In each simulation, sequences were sampled over the course of 2000 generations at a rate of one sample per 2 generations to yield approximately 1000 samples in total. A Bayesian coalescent approach was then used to estimate the gene genealogies connecting these sequences (Figure 3, 4, 5, 6). It is immediately obvious from these results that selection constrains tree topology, resulting in more narrow ladder-like trees in each case of selection relative to the case of neutrality. Both positive and negative selection constrain both genetic diversity and scaled effective population size N e τ. Under purifying selection, the original phenotype remains throughout the simulation (red lineage in Figure 4), but mutations to this lineage often result in less fit phenotypes. These lineages are quickly purged from the population (Figure 4). In this case, the mean fitness of the population remains roughly constant through time, while in both cases of positive selection fitness increases through time (Figure 5, 6). There are further differences between the case of constant positive selection and the case of episodic positive selection.
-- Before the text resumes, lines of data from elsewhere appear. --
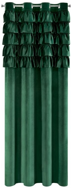 **Samtvorhang mit Rüschen im oberen Teil verziert** - **Breite:** 140 cm - **Länge:** 250 cm - **Farbe:** Dunkelgrün - **Gewicht:** 200 Gramm pro Quadratmeter - **Material:** 100% Polyester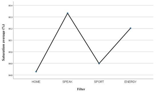 By using the saturation parameter as the dependent variable, a multiple comparison was carried out between the four filters studied. As can be seen from the Bonferroni test (Table 1) in terms of saturation, there is a significant difference between the Provox® Life™ Home HME filter and the Blom-Singer SpeakFree HME filter, and between the Blom-Singer SpeakFree HME filter and the Laryvox HME Sport filter. The Provox® Life™ Energy HME filter does not show significant differences with the other filters considered.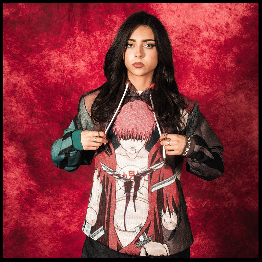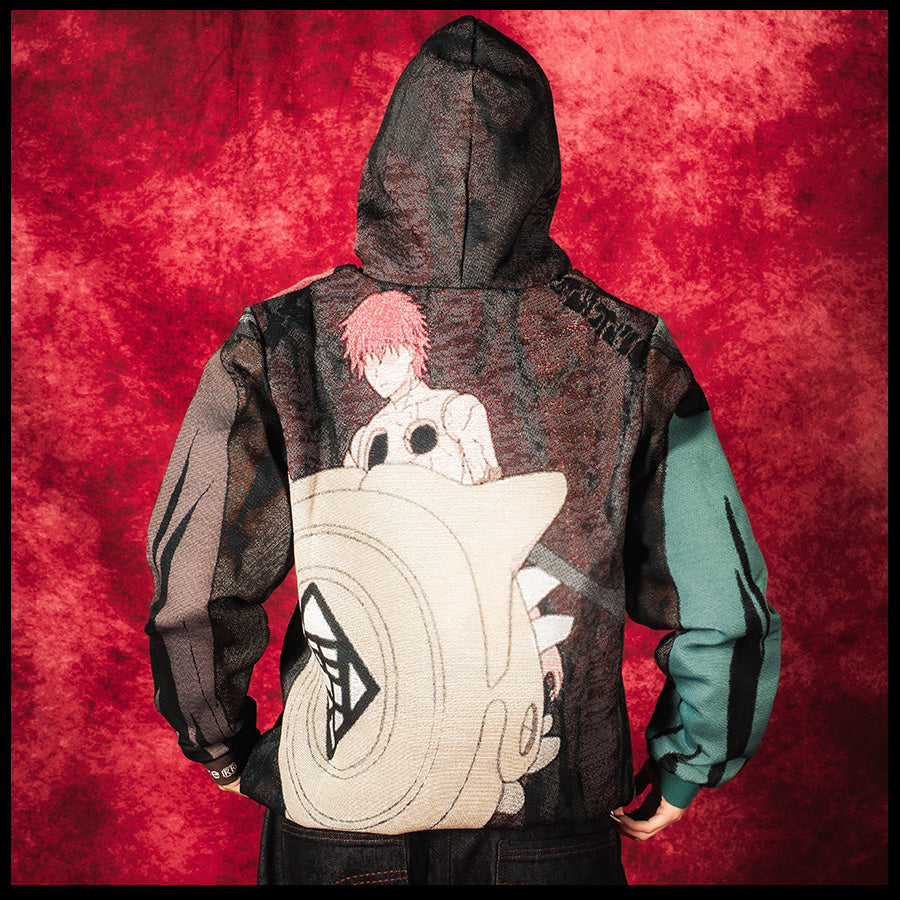 Designed by Raf Reyes: Sasori of the ᵥRed Sand — puppetmaster prodigy, caught between memory and weaponry [...] the design @ front captures his final moment, pierced by his past: his very own mother & father innit :: not weakness — acceptance | | | at back, his true form maybe: a hollow shell of chakra and vengeance, torso cracked open like a ᵥrelic, emptied heart and lungs, the Iron sand emblem sealin' the deal.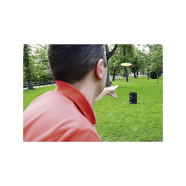 Discgolf wird nach ähnlichem Prinzip wie Golf gespielt. Der Abwurf der Disc erfolgt an einer vorgegebenen Position. Alle weiteren Würfe Richtung Disc Target erfolgen von dem Punkt, an der die Disc zum Liegen gekommen ist. Ziel ist es, mit möglichst wenig Würfen ins Ziel zu treffen. Für die unterschiedlichen Distanzen stehen unterschiedliche Discs zur Verfügung. Das Disc Golf Target aus Polyester kann überall gespielt und vielseitig eingesetzt werden. Sofort spielbereit durch pop-up Funktion. Lieferung inklusive Polyestertasche für einfachen Transport. Abmessungen (L x B x H): 50 x 50 x 60 cm.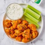 - Serve: Serve the Buffalo Cauliflower Bites immediately with homemade ranch dressing, vegan if desired, and celery sticks for a classic presentation. Enjoy!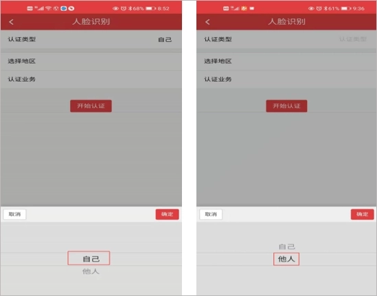 4、挑选认证类别,若选择“自己”并点击确定,即为本人完成认证;若选择“他人”并点击确定,则是为其他人完成认证。

In the case of constant positive selection (Figure 5), the tree appears fairly uniform, although there are multiple cases where relatively major lineages die out. Here, the effects of clonal interference [21, 22] are apparent. All major lineages continually accumulate beneficial mutations. However, because there is no recombination, these mutations cannot be combined onto the same genetic background, and thus, they are in competition with one another. The tree shows that lineages that stochastically accrue more beneficial mutations tend to outcompete less fortunate lineages. In the case of episodic positive selection (Figure 6), we see that mutation events result in a rapid transition of the population to the new allelic state. This rapid transition can be seen as a sudden crash in genetic diversity, corresponding to the loss of lineages (side branches) bearing the ancestral allele. As opposed to what is seen with constant selection, the disappearance of these lineages is synchronous, e.g. multiple green lineages simultaneously disappear when yellow emerges at around generation 1300.
A gene tree represents a complex, high-dimensional description of the genealogical relation-ships among a sample of sequences, and cannot be completely summarized by a single statistic. Instead, summary statistics can be used to probe various aspects of tree topology. Common summary statistics applicable in this context include the time to the most common ancestor (TMRCA) of the sample and the mean pairwise diversity of the sample, which is the average branch length distance between pairs of tips on the tree. Here, both TMRCA and diversity are measured in the same units (generations) as the branches in the tree. Additionally, the rate of coalescence can be directly measured from a genealogy by weighting the number of coalescent events observed by the total opportunity for coalescence [23, 24]. The inverse of this rate of coalescence yields an estimate of the scaled effective population size N e τ . For each of these three statistics, we analyzed the posterior sample of genealogical trees to get a mean estimate and a 95% credible interval at multiple points in time. In the cases of TMRCA and diversity, at each point in time we took a 'slice' of contemporaneous lineages and traced their ancestry backward in time until arriving at a common ancestor. This effectively turns a tree with temporally heterogeneous tips into a tree with all tips at the same point in time. Temporal 'slices' were taken every 10 generations. To calculate N e τ, we analyzed the rate of coalescence in sliding windows of 50 generations in width, moving the center of the window 10 generations in each step. For comparison, the 'Bayesian skyline plot' (BSP) [23, 24] popularized by the software package BEAST  shows the same information as our plots of N e τ through time in Figures 3, 4, 5, 6. If time is measured in generations then N e τ will be measured in generations, and if time is measured in years then N e τ will be measured in years. However, in the literature the quantity measured by the BSP is sometimes referred to as 'relative genetic diversity' . We disagree with this terminology and prefer to use 'diversity' to describe the sequence or temporal distance between lineages, as is standard in the population genetics literature . At equilibrium, an increase in N e τ won't result in an immediate increase in diversity; instead, diversity will slowly increase until an equilibrium compatible with the new value of N e τ is reached.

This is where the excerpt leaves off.